BEGIN

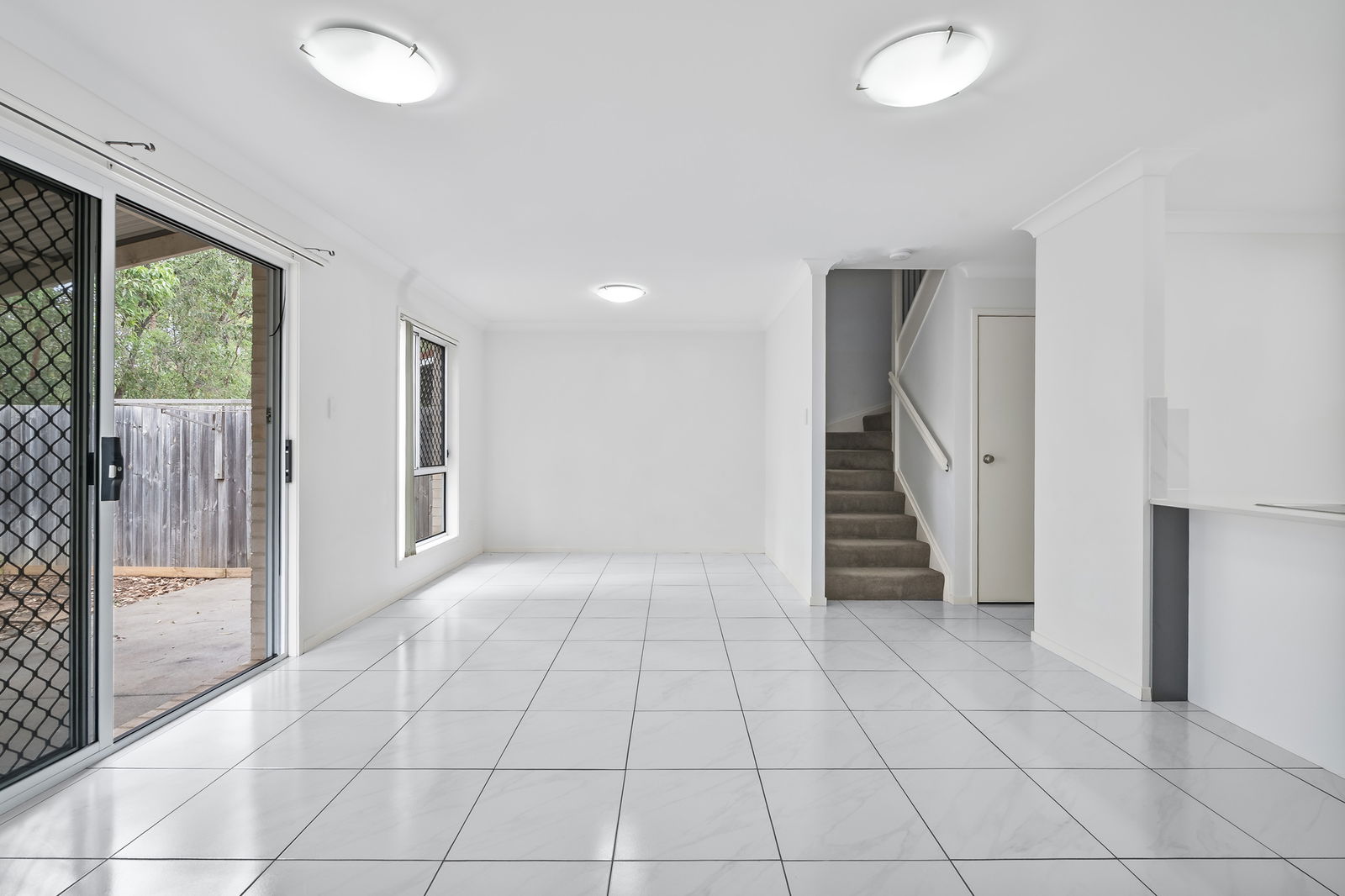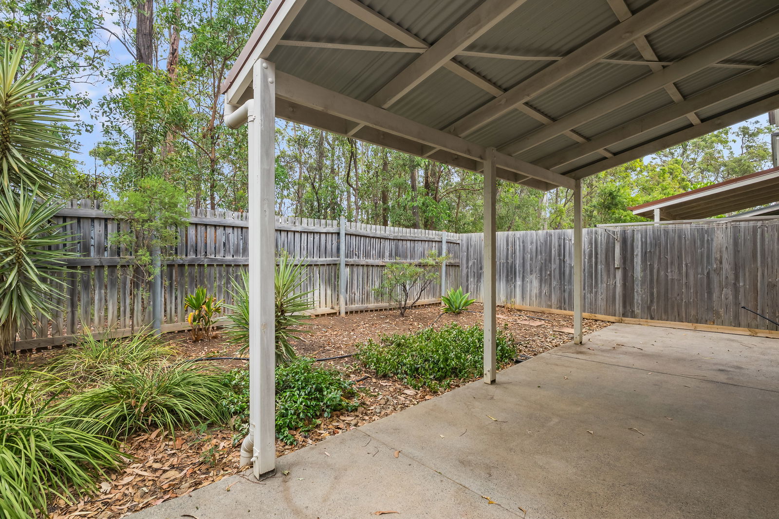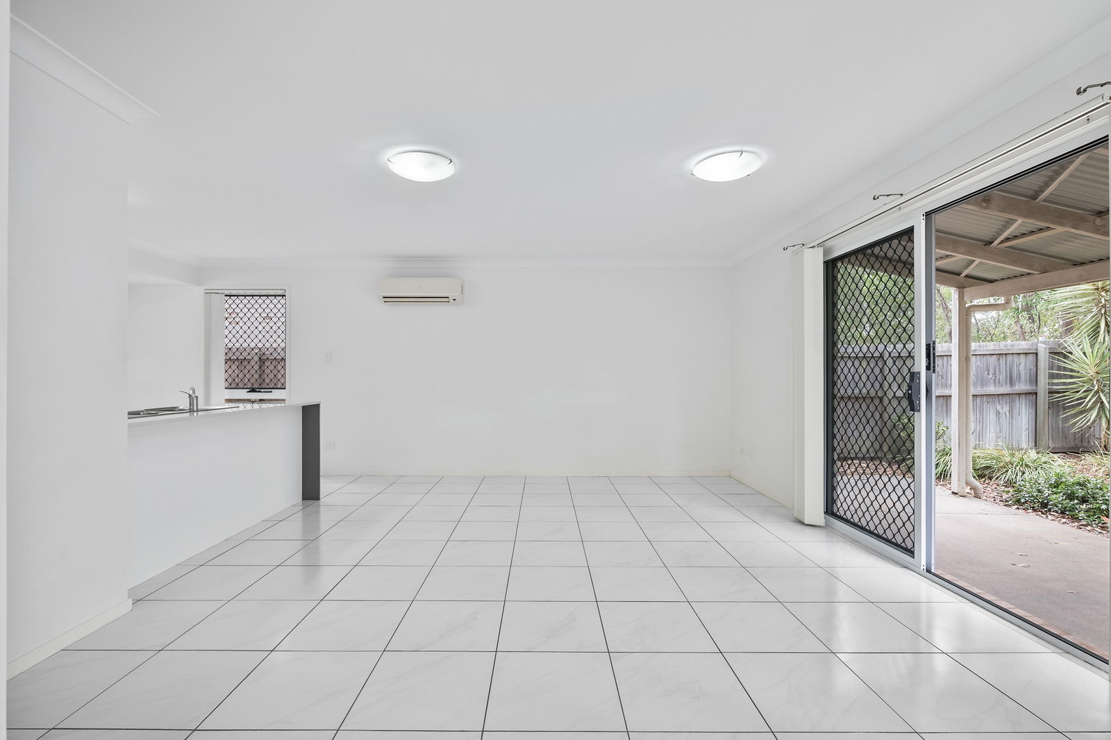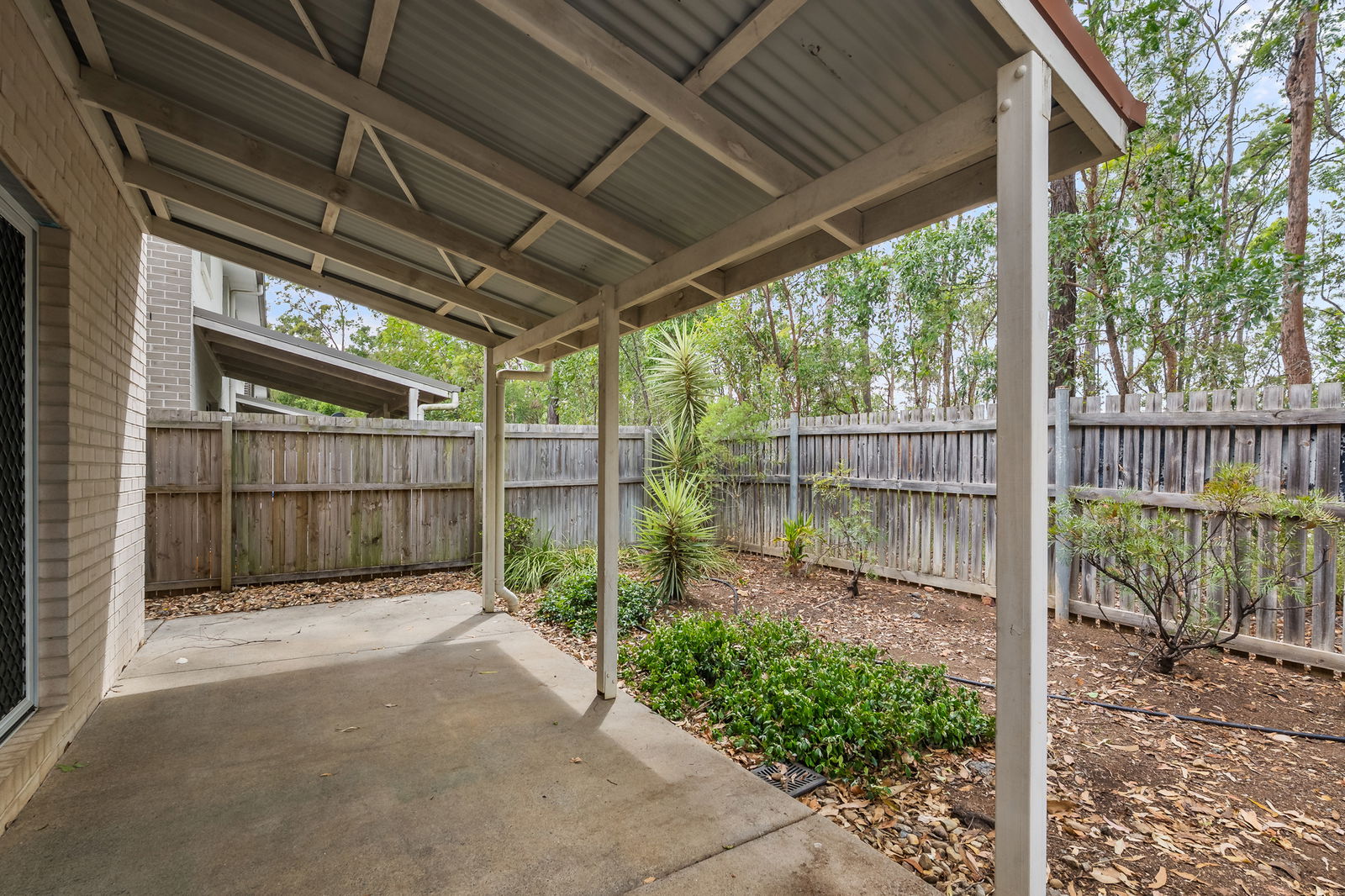 - Covered outdoor patio flowing to a low-maintenance courtyard with leafy outlook
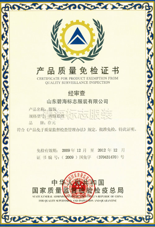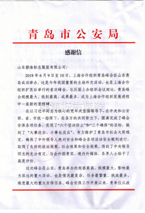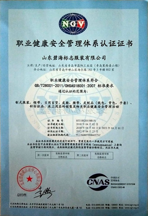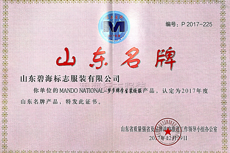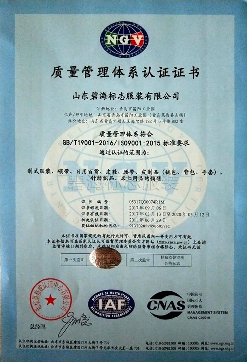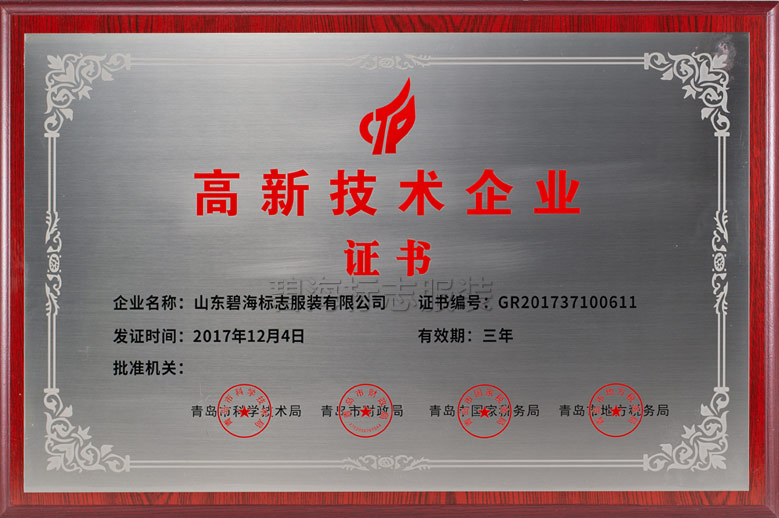 山东碧海标志服装有限公司(原山东省军工服装厂),创建于1985年。历经风雨,拼搏创业,2003年在青岛昌阳工业园建立新纺织加工园区,2010年为适应形势发展,于青海西宁建立西部工业园区,现已发展成为占地面积120000m2,建筑面积48000 m2,固定资产5600余万元,年产量100多万套,销售额达1.2亿元的大型标志服装、皮鞋、领带、皮具、家纺、床上用品的生产企业。
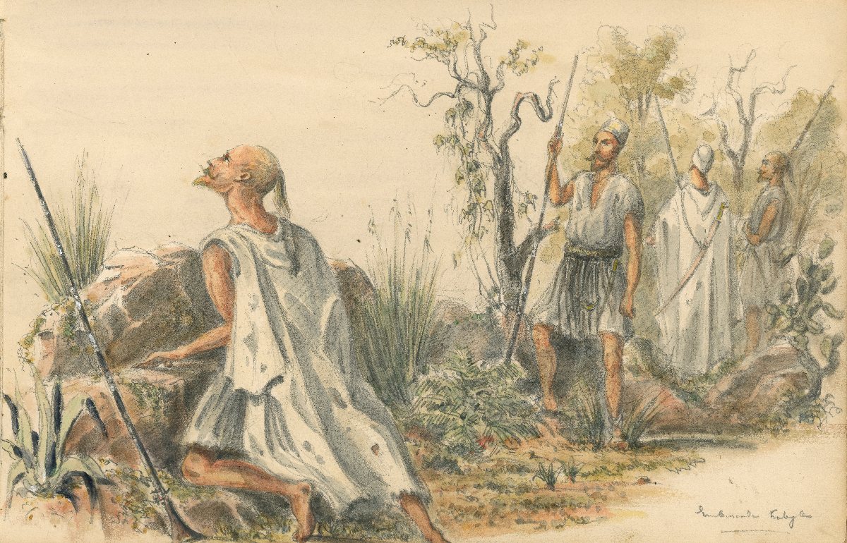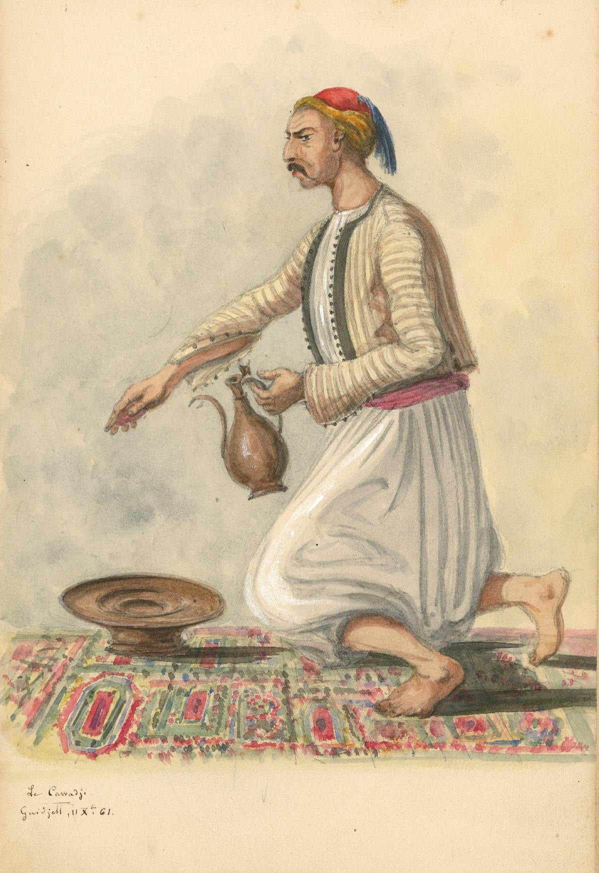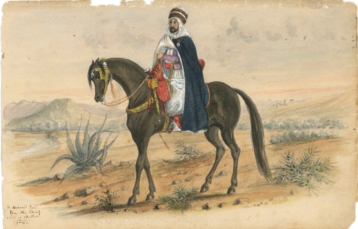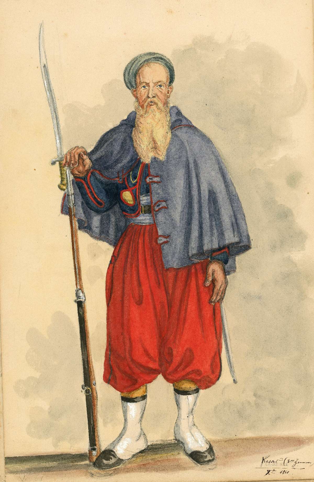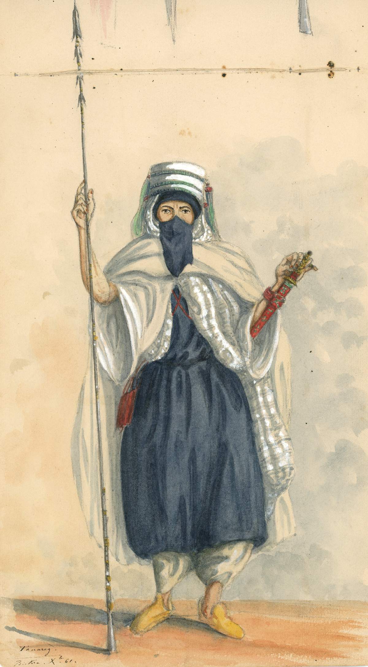 Album souvenir et personnel de l'officier stagiaire Guioth, en garnison en Kabylie de 1861 à 1866, ayant croqué des compagnons d'armes, des chefs de tribus, des autochtones, etc: " Si Mohamed Saïd Ben Ali Chérif, caïd de Chellata " portant la légion d'honneur ; " Mohamed Ben Sidi Moussa, touareg du pays des Anchef, à 6 jours de marche du Soudan " ; " Douaddi Ben Keskes [Mohamed Ben Douadi Ben Keskes] Kaïd des Amer Guebala " portant la légion d'honneur, à Guidjel ; " Bou Zen " ; Kesser (3e zouaves) ; " Général Nesmes Desmaret et Capitaine Guioth " ; " Chougui " et " Bel Kassem " ; " Boulanger " [zouave] ; " Le Mahari " à Biskra ; " Le cawadji " [le cafetier] ; " Touareg " ; " Lahldja " ; " Les Danseuses " à El Kantara ; " Oumouxreis et Messaouda, Ouled Naylas " [tribu des Ouled Naïls] à Biskra ; " Moissonneur Kabyle " ; " Embuscade Kabyle " ; " Mohammed Bel Habchi, 3e tirailleurs " à Sétif ; " Au pâturage " ; " El Aroussa " ; " Retour du Mouchi " ; " Le dépiquage du grain " ; " Marché de Sétif " ; " Danses d'Oualed Naïls " ; Baie de Stora et Rade de Philippeville ; etc.
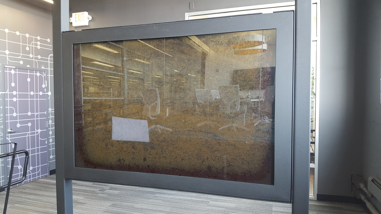 A custom acrylic tank and stand, commissioned by Gingko Bioworks, engineered by APROE and filled with mud onsite by yours truly. Watch the time lapse of bacterial growth over several weeks by Gingko staff.
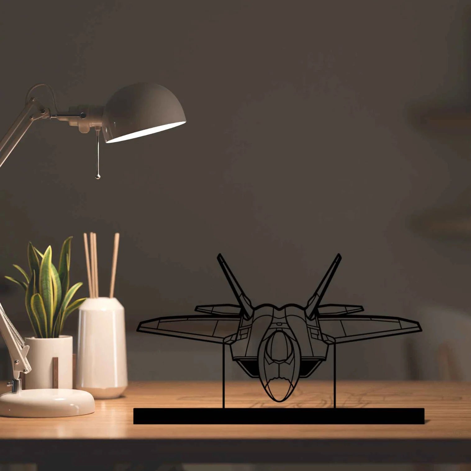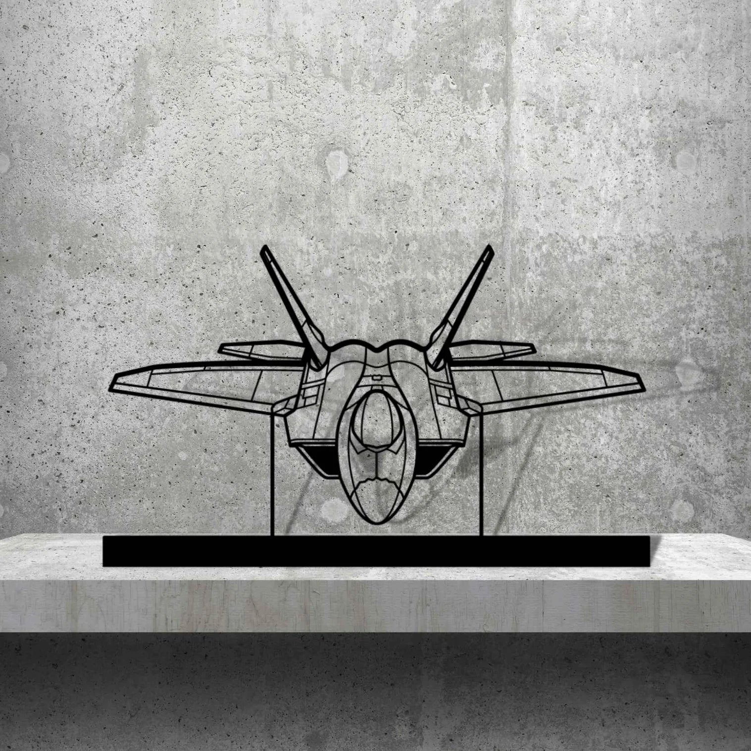 F-22 Raptor Angle Silhouette Metal Art Stand will give your hangar, office or room a unique look that will catch the attention of any aviation enthusiast and will add a subtle touch to your interior design.
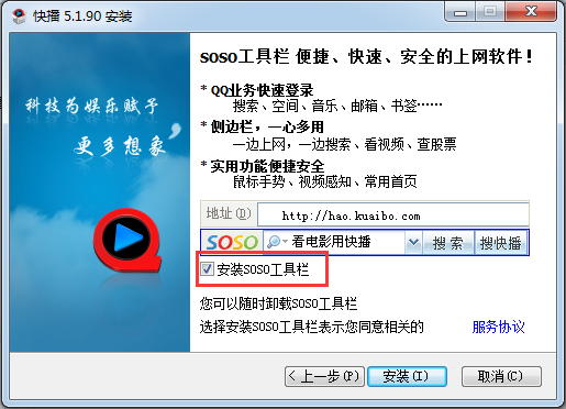 1.到本站下載安裝快播,打開安裝程序,選擇安裝組件,勾選同意接受協(xié)議
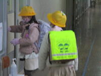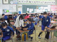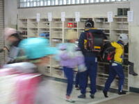 朝の昇降口で、1年生と2年生の係の東っ子が靴箱の靴の入れ方を確認していました。
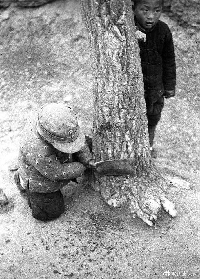 1942年,中国大饥荒,人在各种吃树皮。Photo by 哈里森·福尔曼
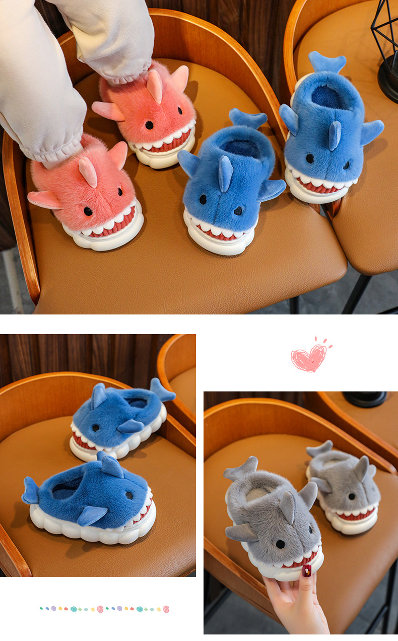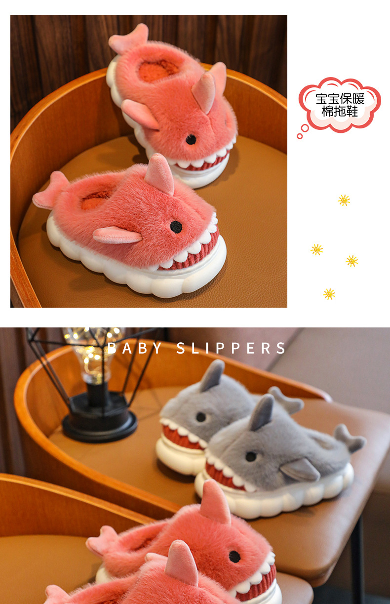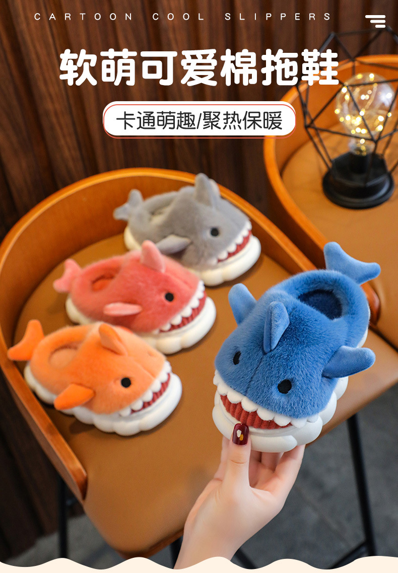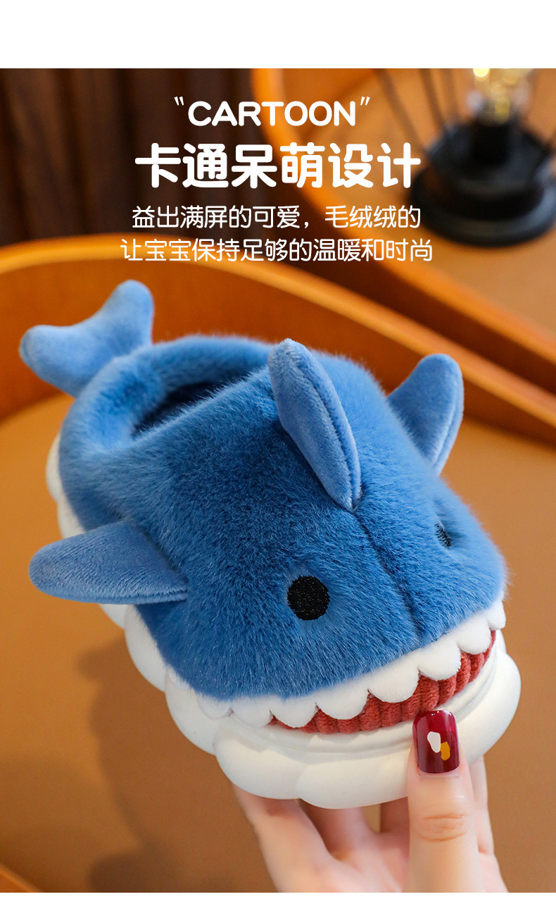 어린이 면 슬리퍼 가을과 겨울 따뜻한 집 실내 미끄럼 방지 소년 귀여운 상어 아기 어린이 기모 면 슬리퍼스토어 가기

END

**WHAT THE TASK REQUIRES**
Transcribe exactly the lines above, running from the one that contains "1942年,中国大饥荒,人在各种吃树皮。Photo by 哈里森·福尔曼" through the final line of the listing, and skip every picture.

**RESULT OF THE TASK**
 1942年,中国大饥荒,人在各种吃树皮。Photo by 哈里森·福尔曼
 어린이 면 슬리퍼 가을과 겨울 따뜻한 집 실내 미끄럼 방지 소년 귀여운 상어 아기 어린이 기모 면 슬리퍼스토어 가기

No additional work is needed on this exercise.